A set mapping $F:X \rightrightarrows Y$ is said to be metrically regular for $\overline{x}\in X$ and $\overline{y} \in Y$ if there exists a $\kappa\in(0,\infty)$ for which $$ d(x,F^{-1}(y))\leq \kappa d(y,F(x)) $$ for all $(x,y)\in X\times Y$ close to $(\overline{x},\overline{y})$.
The regularity modulus is defined as the infimum over all $\kappa$ for which the above inequality holds.

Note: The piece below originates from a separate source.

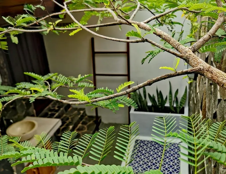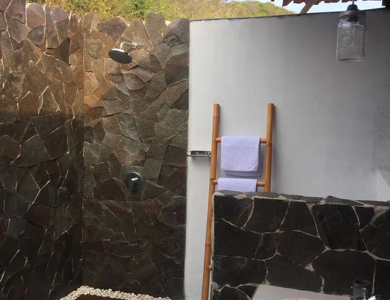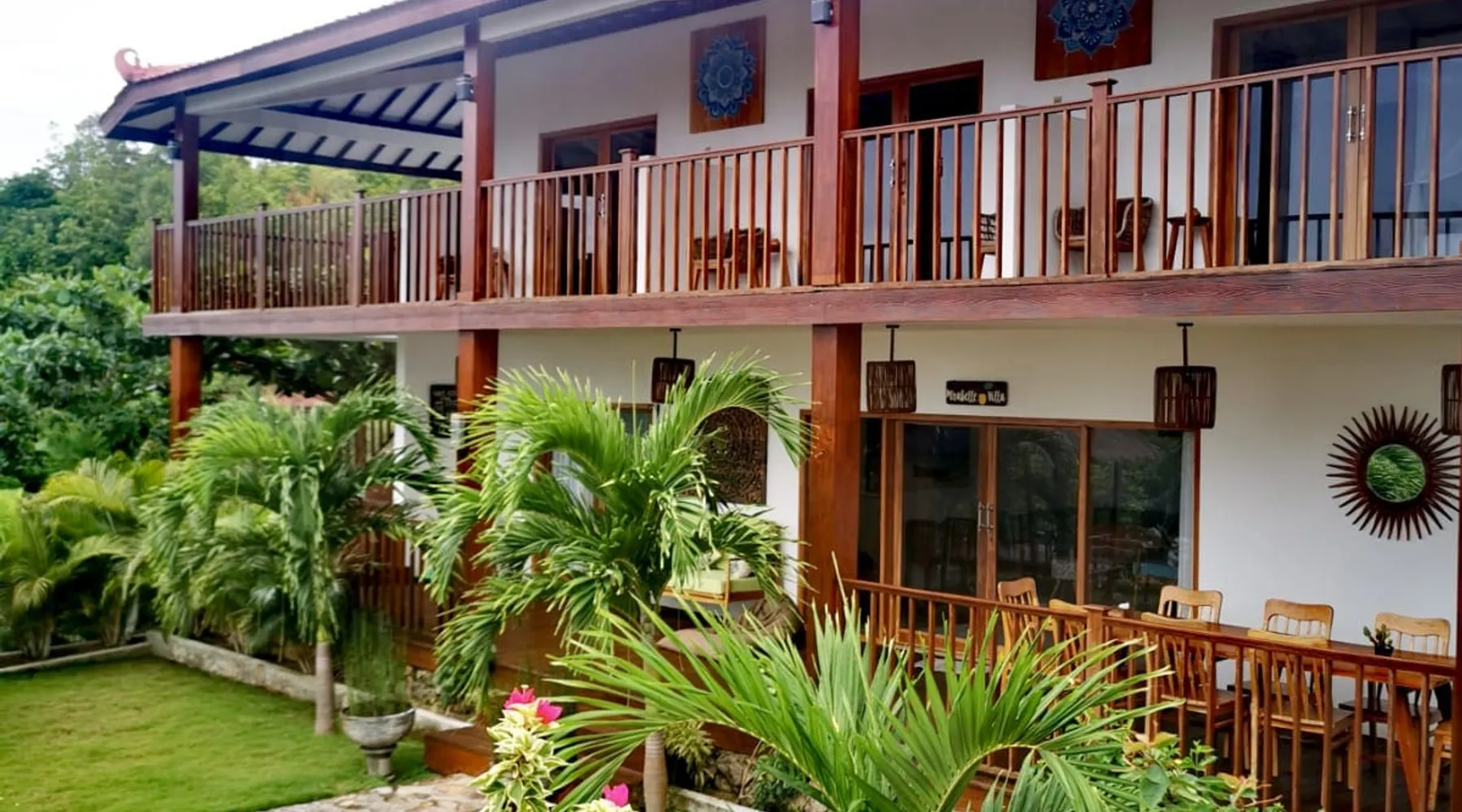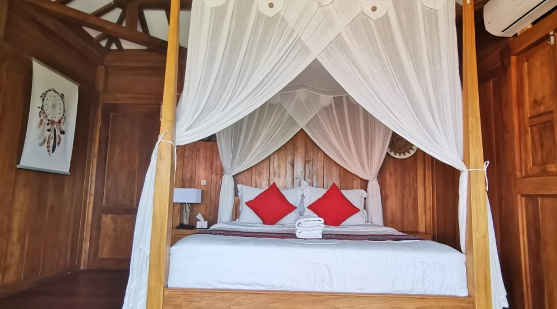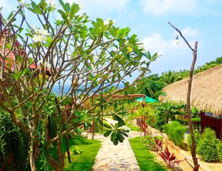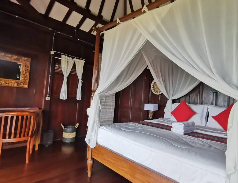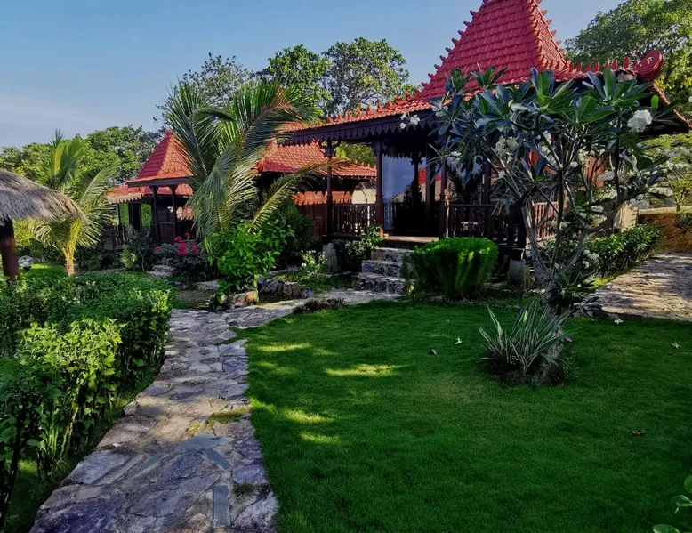 Situated in the most quiet area (but less 5min from center by scooter), Mirabelle Joglo Village is a unique experience for nature lovers searching for a peacefull place in harmony with nature. Traditionnal javanese-design village where you can enjoy your stay without the noise of the center and its loud mosquee.With a 32 meter square of cozy living space, our bungalows are ideal for a couple looking for a getaway in a more private setting.Each bungalow offer private terrace and view on the sea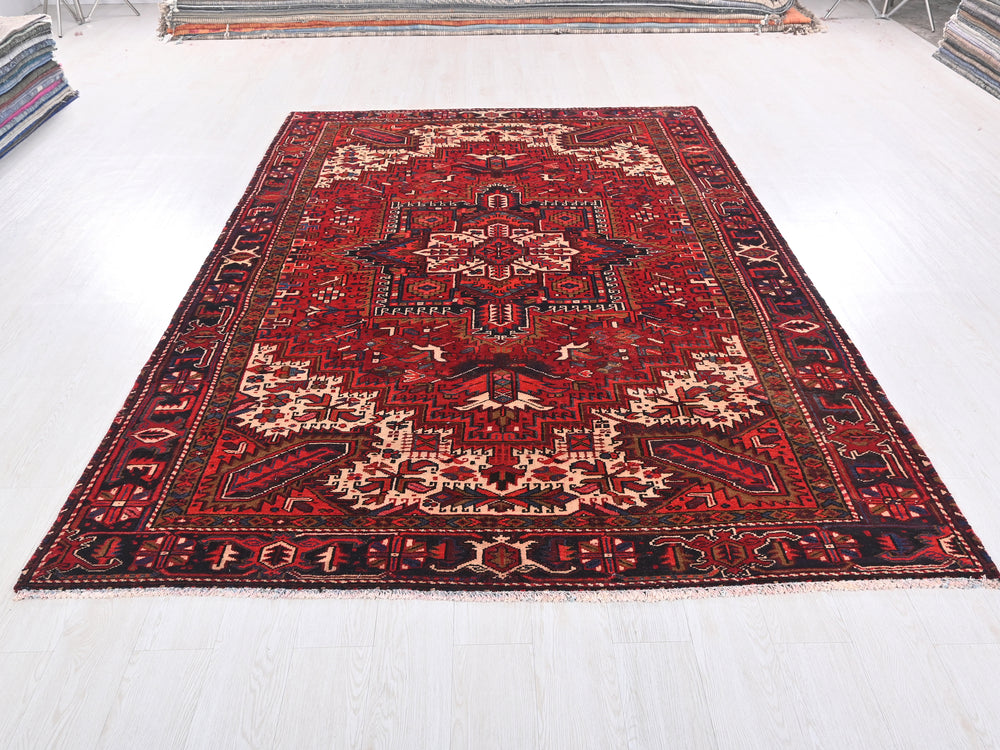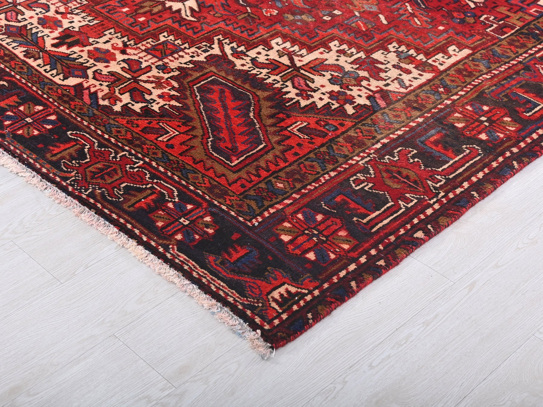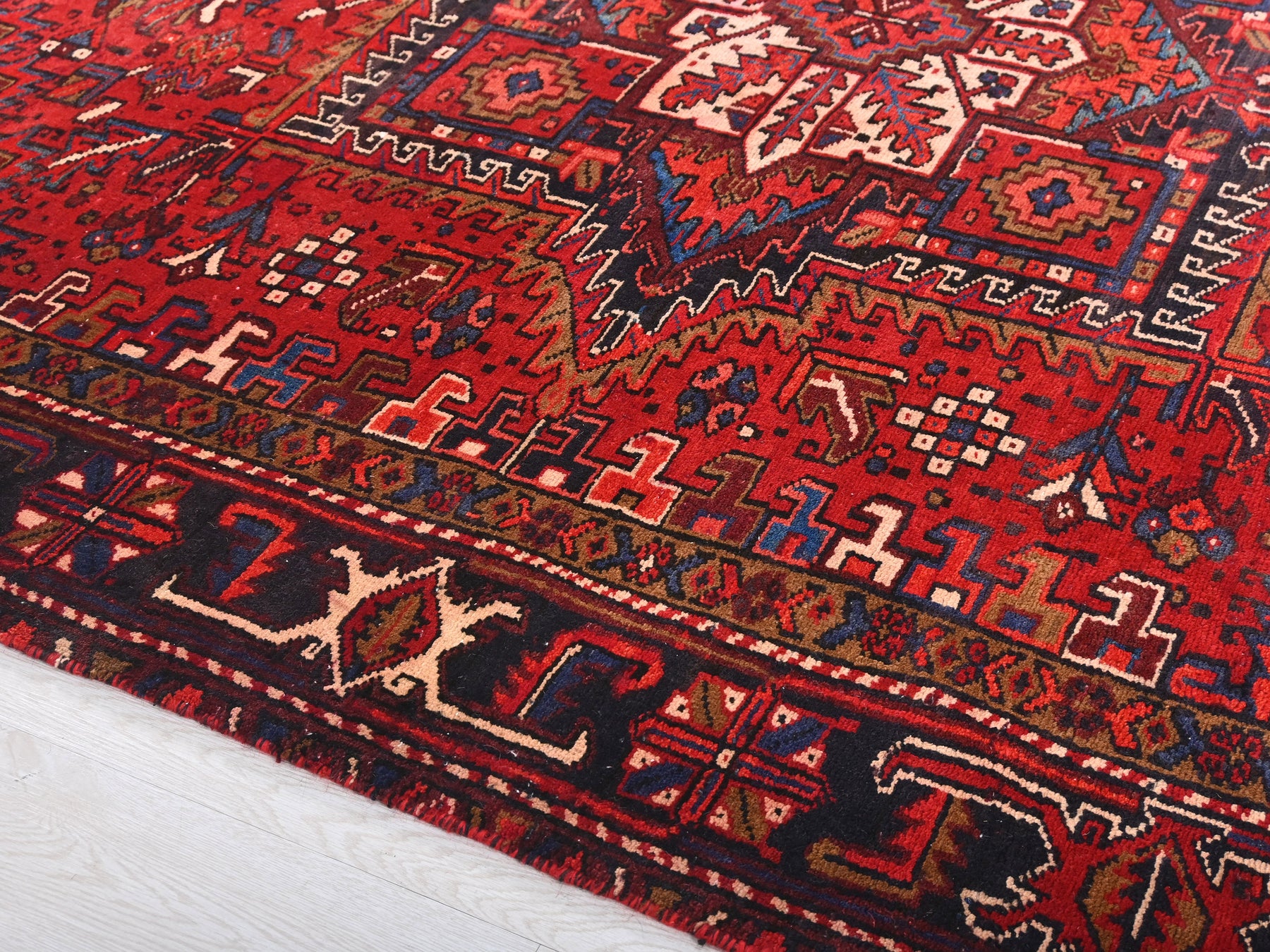 This is a hand-knotted, one-of-a-kind vintage rug. Due to the nature of this piece, there may be slight imperfections in its wear, shape, dimensions, and color. All of our rugs are professionally cleaned and repaired.

I was wondering what the purpose of the regularity modulus is. If you're taking the infimum over arbitrary neighbourhoods of $(\overline{x},\overline{y})$, you're not getting any quantitative result right? I mean, you get the regularity modulus, but given any arbitrary $x\notin F^{-1}(y)$, you can't really say anything about the distance $d(x,F^{-1}(y))$ because you don't know which neighbourhoods for which the regularity modulus holds. I tried looking around but there doesn't seem to be anything regarding the actual neighborhood for which the regularity modulus holds. I think the 'radius of metric regularity' refers to a different thing, regarding the choice of $F$, not the values in the neighborhood for which it holds. Am I missing something about the quantitative value of having a regularity modulus?